== Required work ==
Restate, exactly as written, the entries below from the line that holds "Նոր կադրեր՝ Երևանի" through the line that holds "Laissez-vous tenter par". Pictures are not part of the copy.
━━━━━ Entries shown ━━━━━
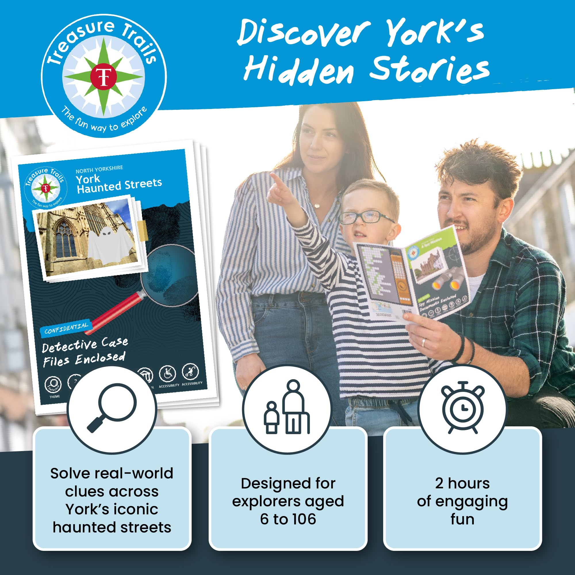 - Explore – Following the Treasure Trails booklet explore York, using one of our guides such as spy missions, ghost themes or a treasure hunt book discover the mystery of York, with fun packed walking giudes.
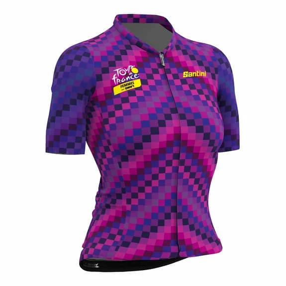 La maglia Tour de France 2023 Tappa 7 a manica corta da donna, realizzata da Santini, ha un taglio classico ed è altamente traspirante per un comfort eccellente durante le uscite in bicicletta. Questa maglia è realizzata con una combinazione di tessuti micro-mesh altamente ventilati e maniche hemless ad alte prestazioni.
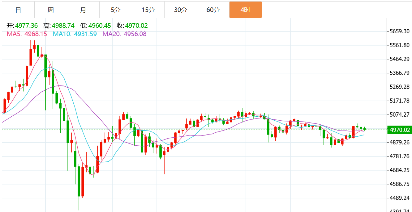 黄金小时线级别:今天早间触及4953企稳,一路连阳拉升,有些小单边的走法,欧盘承压昨晚最后一次开跌口4944,出现滞涨横盘的迹象,则就容易回落修正一波,也顺利抓了一波回踩,本来提示了4910是顶底转换支撑,触及稳定可延续拉升,但还是相对保守去尽量靠近中轨4900及下再去尝试北上,结果就踏空了,最低4906;那么此时再度破日内高点,今晚就要回踩找位置继续北上,关注两个支撑,一个是顶底4940附近,一个是4924,618或短期均线位置,阻力目标往上是4970下一个开跌口,再往上是4990-5000靠近红色通道2号线反压点;综合来看,黄金今日短线操作思路上贺博生建议以回踩低多为主,反弹高空为辅,上方短期重点关注5030-5080一线阻力,下方短期重点关注4920-4870一线支撑。
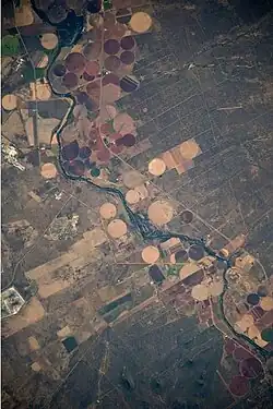 In Limpopo province, about 35 km further, the river passes the town of Thabazimbi and meanders for many kilometres through a sparsely inhabited area before joining the Marico River just west of Rooibokkraal at the limit of North West province to form the start of the Limpopo River.[4]
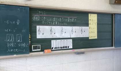 「こきりこ」の曲に出てくる5つの音を使って、オリジナル曲を作っています。
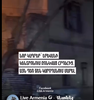 Նոր կադրեր՝ Երևանի կենտրոնում բռնկված հրդեհից. այն դեռ չեն կարողանում մարել Տեսանյութ
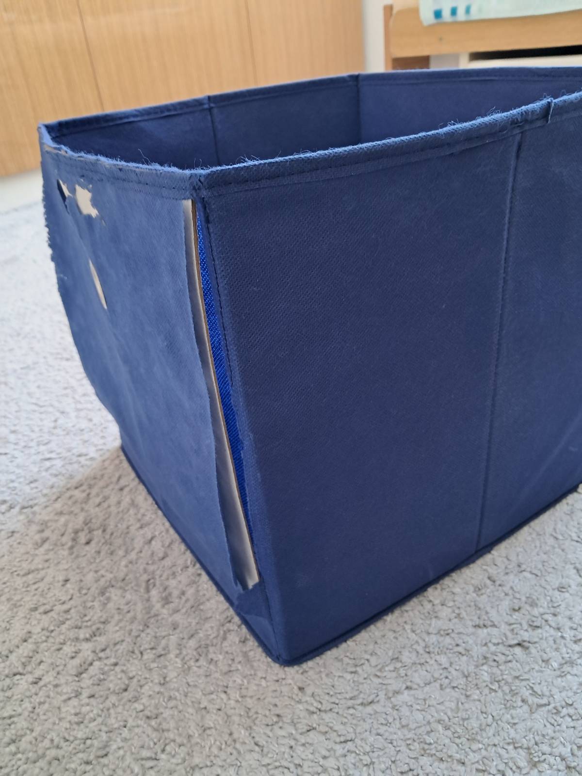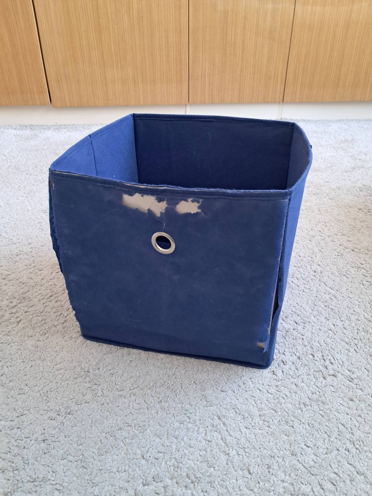 Daruji za odvoz úložný box modrý 30x30 cm, z jedné strany se už rozpadá, ale když by se box otočil z jiné strany, tak ty jsou bez poškození.
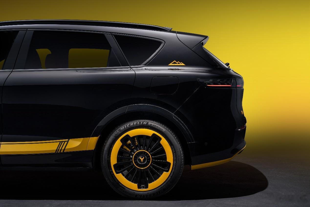 带了专属的「暗影流光」套件,车漆停着的时候看着深邃神秘,开起来会有流光变幻的效果,引擎盖和车门还有亮黄色拉花,20寸轮毂配黄色卡钳,运动感拉满,尾翼和专属车标也挺显特别。
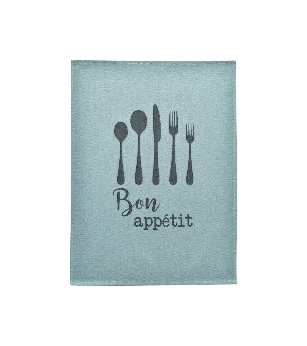 Laissez-vous tenter par BON APPETIT - Lot de 3 torchons en coton bleu grisé 50x70 un lot de torchons pour une cuisine pratique ! Des torchons en pur coton qui conférent un joli style à la cuisine : du linge de maison, tel des accessoires déco ! Ces torchons en pur coton 230 g/m² à la finition gansée sont lavables à 40°. Ce lot de 3 torchons jacquard ''bon appétit'' de dimensions 50 x 70 cm sera votre allié des tâches ménagères !
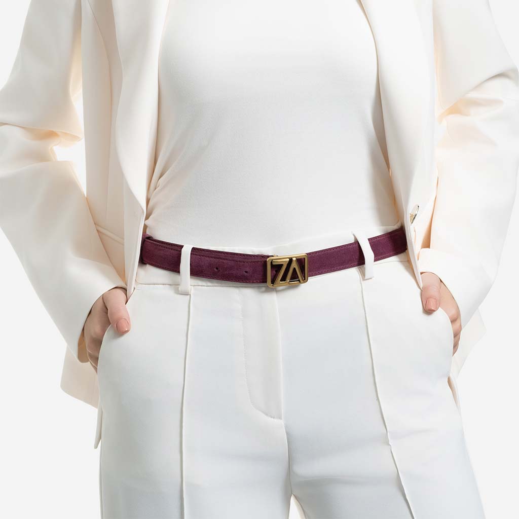 Curea din piele întoarsă cu cataramă ZA, 25 mm - culoare burgundy
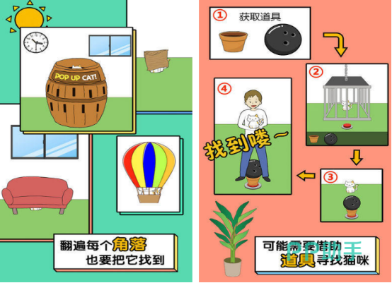 比较休闲的游戏,除了融入了小猫咪,而且还加入了捉迷藏玩法,在美多的关卡当中,玩家发挥自己的脑洞,通过将躲在房间里面的猫咪找出来的方式,来完成任务。涵盖生活当中的很多场景以及现代化的家具,无论是房间里面的沙发,或者是各个地方,都可以通过翻遍每个角落的方式将其找到,还可以借助一些道具。
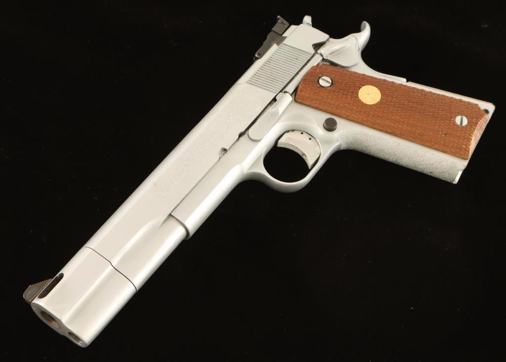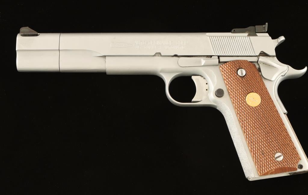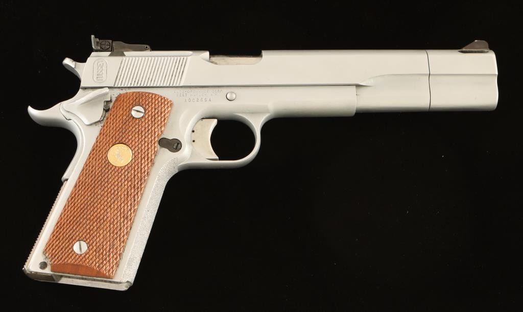 Single action semi-automatic pistol customized by Carson City, NV gunsmith Terry Tussey. Features a satin silver finish, 5.5" barrel, compensator with ramp front sight, Millet adjustable rear sight, serrated adjustable trigger, checkered hammer spur, ambidextrous thumb safety, beavertail grip safety, push button magazine release, no magazine, stippled front strap, checkered straight mainspring housing, and two-piece checkered wood grips with gold Colt Medallions. Pistol exhibits a few minor bright scuffs with no major wear observed. The front sight slot has been filled. Action is very smooth, bore is pristine and wood grips are near fine with some semi-worn points. Condition is excellent as customized. ***Modern Firearm***
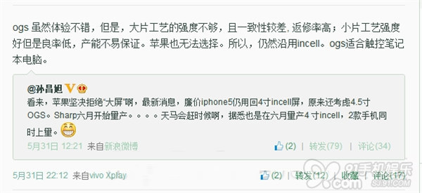 看过了之前所谓的低价iPhone 5的谍照后,熟悉手机产业链的《国际电子商情》首席分析师孙昌旭给出的最新消息称,在大屏问题上,目前的苹果比较排斥,其实确切的说应该是,现在大屏的良率低,产能不易保证,苹果无法选择。
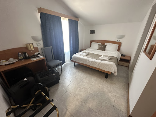 Kurzaufenthalt für vier Nächte Anfang Juli 2020: Das Hotel wurde uns von Freunden empfohlen, welche dort bereits drei Mal gewohnt hatten und auch diesmal dabei waren und länger als wir blieben. Sie hatten uns nicht zu viel versprochen: Die Betreiber, Monica und Luca, sind äußerst freundlich, angenehm herzlich und zuvorkommend. Von den 24 Zimmern waren aufgrund der Coronakrise nur max. 5 Zimmer belegt. Die angeordneten Einschränkungen hinsichtlich Mund-Nasen-Maske, Mindestabstand etc. wurden gekonnt gemeistert. Die Küche des Hotels ist besonders hervorzuheben: wir hatten Halbpension gebucht und die zum Abendessen angebotenen Speisen (man sucht beim Frühstück schon aus einer Auswahl aus) waren sowohl geschmacklich, als auch optisch und von der Menge her ohne jede Beanstandung, sehr lecker und ansprechend. Die Zimmer sind Standardgröße und sehr sauber. Wir hätten uns zwar einen Balkon gewünscht, um sich spätabends noch ein wenig raussetzen zu können, aber dass es da keine Balkons gibt, wussten wir ja vorher - darf hier jetzt also nicht als Kritik verstanden werden. Der Außenbereich ist trotz der "innerstädtischen Lage" sehr nett gestaltet und lädt zum Verweilen bei einem guten Glas Wein ein. Frühstück und Abendessen konnten allerdings ausschließlich im Gastraum eingenommen werden, der über nur kleine Oberlichtfenster verfügt. Gemütlich war es da trotzdem... ;-) Fazit: Tolle, sehr nette und aufmersame, jederzeit hilfsbereite Betreiber, Deutsch sprechen sie gut! Sehr gute Küche Weg zum Strand in (noch) angenehmer Entfernung Schirme / Liegen im Preis inbegriffen Angenehme, ruhige Zimmer Ortsübliche Getränkepreise +/- Essen auch im Außenbereich zu servieren wäre angenehm Vielen Dank an Monica und Luca!!! Bis zum...
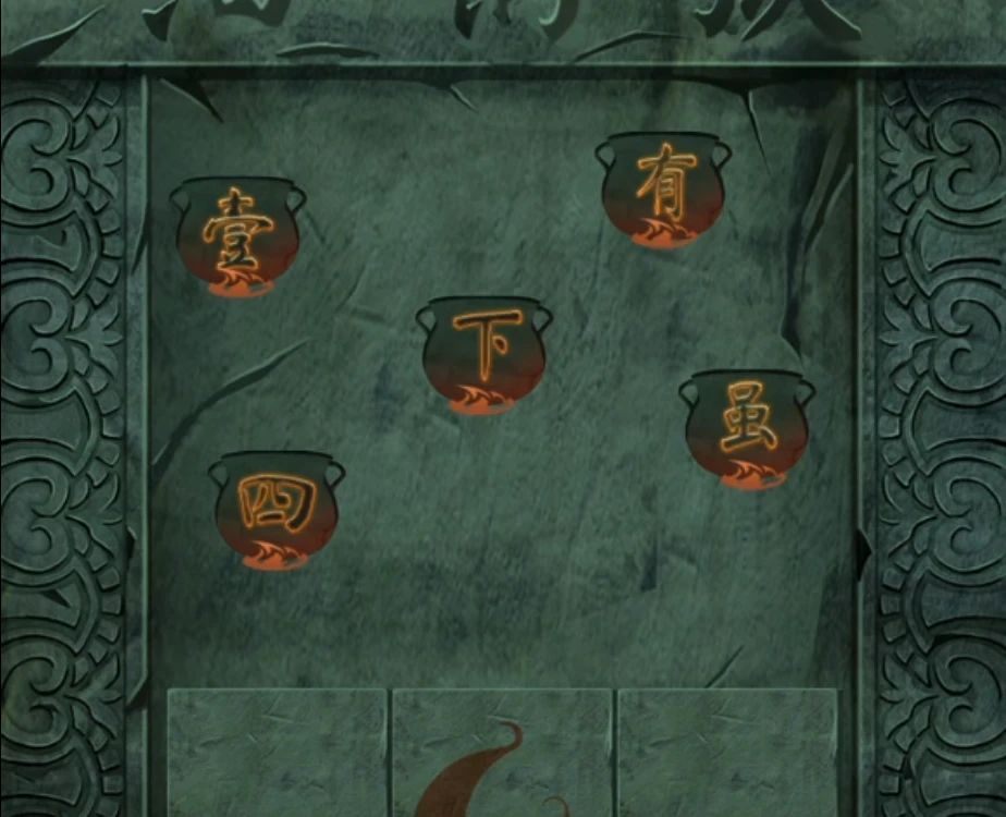 右边的石碑查看一下记住舌头长度和眼睛的关系,一格舌头是没有眼睛,两格舌头是左眼,三格舌头是右眼,四格舌头是双眼,舌头上的图案也记下来,将前面的四个抱锅小鬼按照眼睛的状态调整舌头长度和油锅里的图案,调整完毕后两盏鬼火都亮起大门打开。
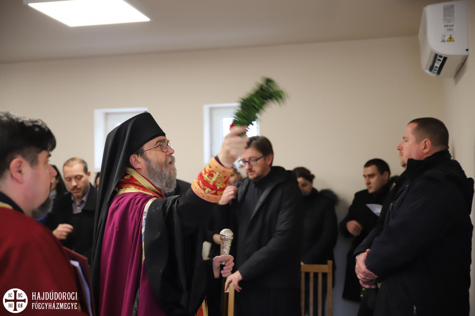 Az épületmegáldás szertartását püspökeink közösen végezték. Atanáz püspök szenteltvízzel hintette meg, Ábel püspök pedig szentelt olajjal kente meg a falakat, jelezvén, hogy az épület ezentúl a Szentháromság oltalma alatt áll.
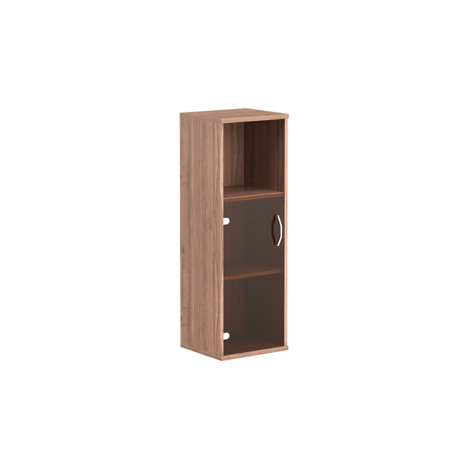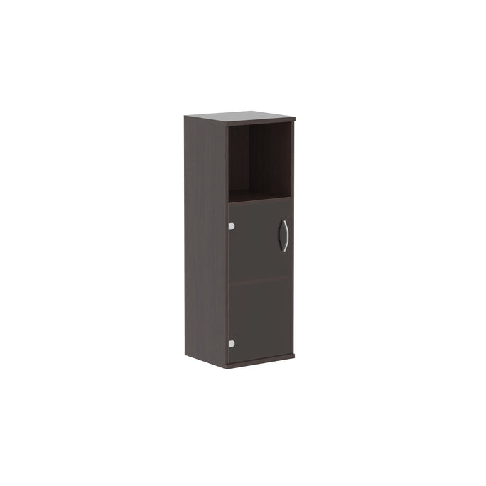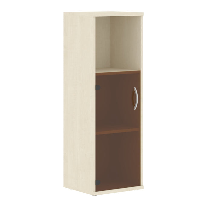 MEDIUM HEIGHT CABINET, MADE IN E1 LAMINATE CHIPBOARD, WITH GLASS SWING DOOR AND OPEN SHELF
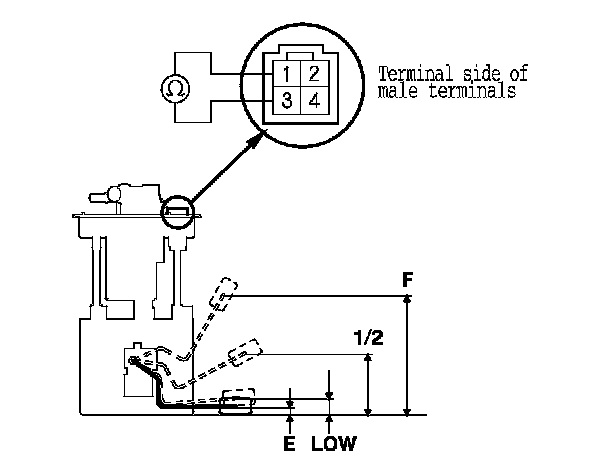 11. Measure the resistance between fuel tank unit 4P connector terminals No. 1 and No. 3 with the float at E (EMPTY), LOW (LOW FUEL INDICATOR), 1/2 (HALF FULL), and F (FULL) positions.
━━━━━
== Response to this exercise ==
 Նոր կադրեր՝ Երևանի կենտրոնում բռնկված հրդեհից. այն դեռ չեն կարողանում մարել Տեսանյութ
 Daruji za odvoz úložný box modrý 30x30 cm, z jedné strany se už rozpadá, ale když by se box otočil z jiné strany, tak ty jsou bez poškození.
 带了专属的「暗影流光」套件,车漆停着的时候看着深邃神秘,开起来会有流光变幻的效果,引擎盖和车门还有亮黄色拉花,20寸轮毂配黄色卡钳,运动感拉满,尾翼和专属车标也挺显特别。
 Laissez-vous tenter par BON APPETIT - Lot de 3 torchons en coton bleu grisé 50x70 un lot de torchons pour une cuisine pratique ! Des torchons en pur coton qui conférent un joli style à la cuisine : du linge de maison, tel des accessoires déco ! Ces torchons en pur coton 230 g/m² à la finition gansée sont lavables à 40°. Ce lot de 3 torchons jacquard ''bon appétit'' de dimensions 50 x 70 cm sera votre allié des tâches ménagères !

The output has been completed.